I jogged to try to catch up with Mike.
“He was a Jesuit priest who was captured by the Iroquois and tortured to death,” Mike said. “Mutilated.”
That sort of eliminated any questions I had about why this would be a fitting place for a connection to our victim.
“He was so brave he never even whimpered during the torture,” Mike said, before he turned away from me again. “So the Iroquois cut out his heart and ate it, to try to internalize his courage.”
The reliquary was in the darkest recess of the church, marked by a small plaque that listed the other martyred Jesuit priests it honored. It was mounted high on the wall. On a shelf beneath it, far above us, was a silver chalice, like the kind used at communion.

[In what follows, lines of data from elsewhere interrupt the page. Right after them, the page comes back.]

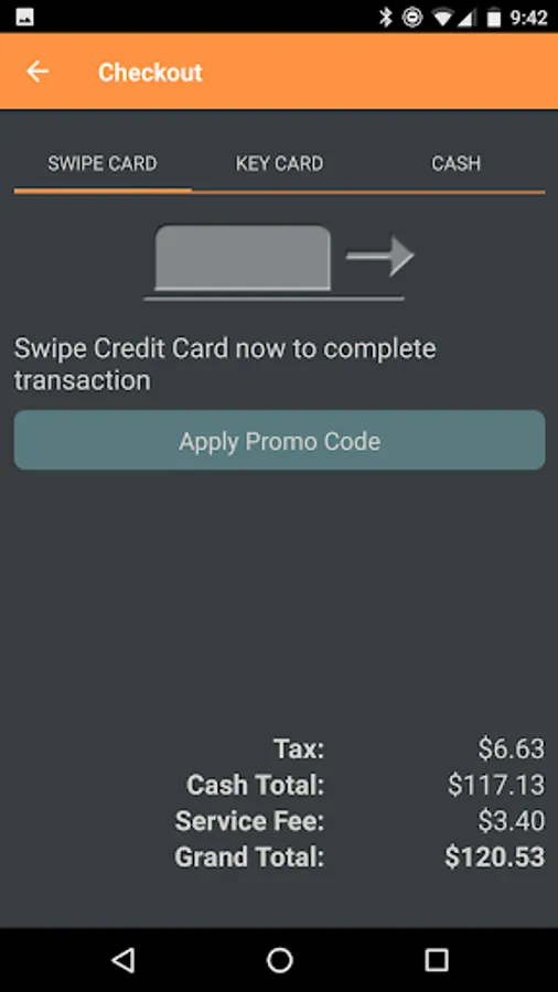 - Use the Passage card reader to accept credit card payments, or mark as paid by cash.
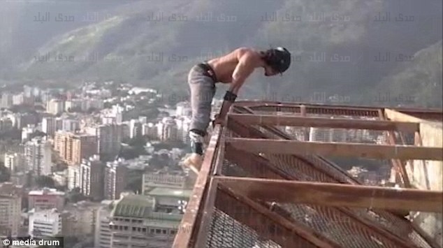 نشرت صحيفة ديلي ميل البريطانية مقطع فيديو لرياضي يدعى جبرائيل إيساك يؤدي التمرينات الرياضية على حافة مبني شاهق في الدور ال60 في فنزويلا
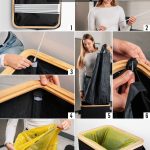 - ИНОВАТИВЕН ДИЗАЙН: Нашата патентована бамбукова рамка с метален пръстен здраво държи торбата за боклук на място и я предпазва от провисване. Капакът от плат дискретно прикрива отпадъците и помага да не се появяват миризми.
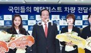 현대자동차는 20일 서울 종로구 계동 사옥에서 ‘국민들의 메달리스트’로 선정된 2012 런던 올림픽 국가대표 선수 5명에게 차량을 전달했다. 현대차는 최근 페이스북, 트위터 등 소셜네트워크서비스(SNS)를 통해 올림픽에서 메달을 따지 못한 선수 중에서 추천을 받았다. 왼쪽부터 김연경 선수(여자 배구)의 아버지 김동길 씨, 손연재 선수(리듬체조), 김충호 현대차 사장, 양수진(여자 근대5종), 장미란(여자 역도), 정진화 선수(남자 근대5종). 현대자동차 제공}
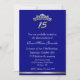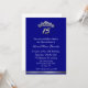 Jolie invitation d'anniversaire Quinceanera bleue et argent. Une jolie couronne brillante argentée orne le sommet de cette invitation bleue. Le texte graphique du numéro 15 dans un look argenté, est assis sous la couronne et un ruban argenté accentue le bas, des invitations. Personnalisez le texte, pour la célébration du 15e anniversaire de vos filles.
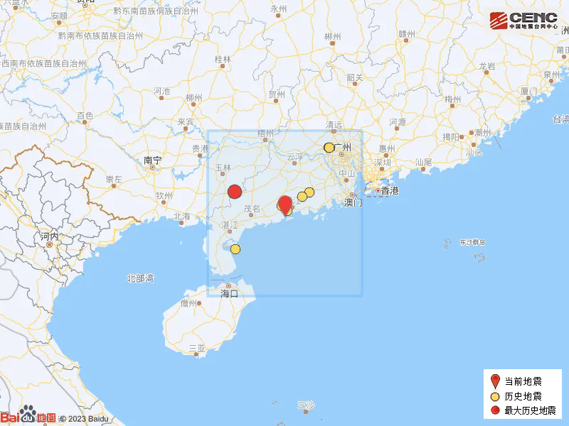 歷史地震:根據中國地震臺網速報目錄,震中周邊200公里內近5年來發(fā)生3級以上地震共9次,最大地震是2019年10月12日在廣西玉林市北流市發(fā)生的5.2級地震(距離本次震中142公里),歷史地震分布如圖。
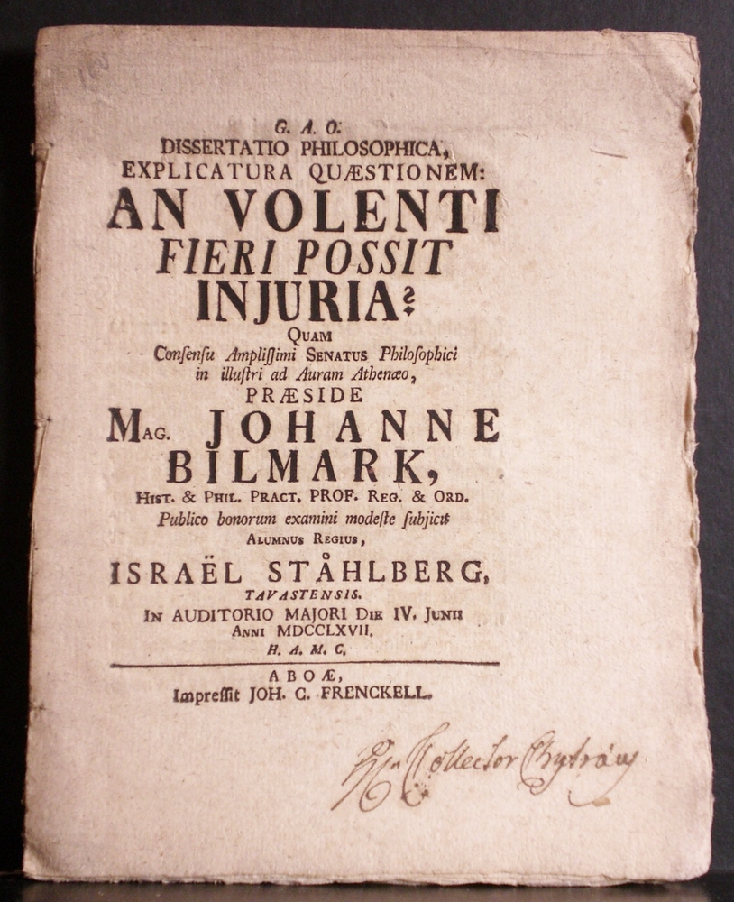 Bilmark, Johannes: Dissertatio philosophica, explicatura quaestionem: an volenti fieri possit injuria ? Resp. Israel Ståhlberg – väitöskirjat
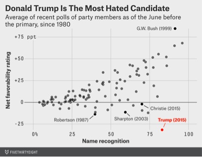 这也让特朗普成了美国历史上最招人恨的美国总统候选人——有数据为证:
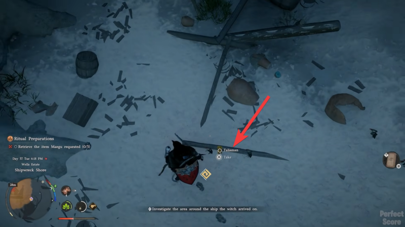 If you follow environmental clues like logs, wreckage, and crows, you’ll complete the quest quickly without unnecessary backtracking. Once all three items are collected, you’re ready to progress further into Maegu’s ritual storyline.
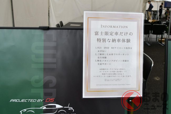 そしてこの限定車のみの特別な納車体験として、富士スピードウェイの走行ライセンス取得のサポートや、納車された車両での富士スピードウェイの走行体験(ディーラーメカニックのピットサポート付)なども予定しているとのことで、購入後のカーライフがより充実したものになるようにしたいという想いがあるとのことでした。
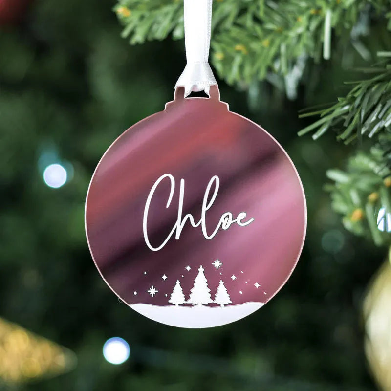 Add a touch of modern glamour and personalized sparkle to your tree with our custom mirrored ornaments. The stunning reflective surface makes this a standout piece and a chic holiday gift.
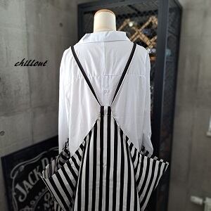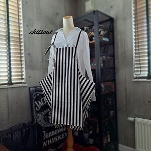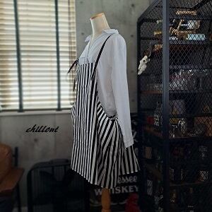 【背中がかわいい】エプロンドレス:モノトーン:ストライプ【0681】

Mike stood as tall as he could but wasn’t able to reach the shelf.
“What are you doing?” I asked as he ran past me and up the steps of the main altar.
“Stay put.”
He disappeared through one of the doorways to the right, and less than a minute later emerged carrying a wooden ladder I guessed to be six feet tall.
“What?. .”
“Watch it, Coop. Every altar boy needs a boost now and then to get up to the candelabra to put out the flames. There’s always a ladder backstage.”
I steadied the legs as Mike climbed the steps. Directly over his head there was a crossbeam, closer to the ledge of the reliquary than he could get with his outstretched arm. I closed my eyes for a second and imagined a winged man suspended from it. The exhaustion was playing tricks with my imagination.
“Get me closer,” he said.
I pushed the ladder slowly so as not to dislodge him.
Mike reached out again and grasped the stem of the chalice. He glanced into it, then pulled it to his chest to secure it, holding it there with his right hand while he guided himself down the rungs with his left.
When he had both feet on the floor, he extended the silver cup toward me. There within it was the discolored, putrefied tongue of the woman who’d been murdered at Old St. Patrick’s Cathedral earlier that day.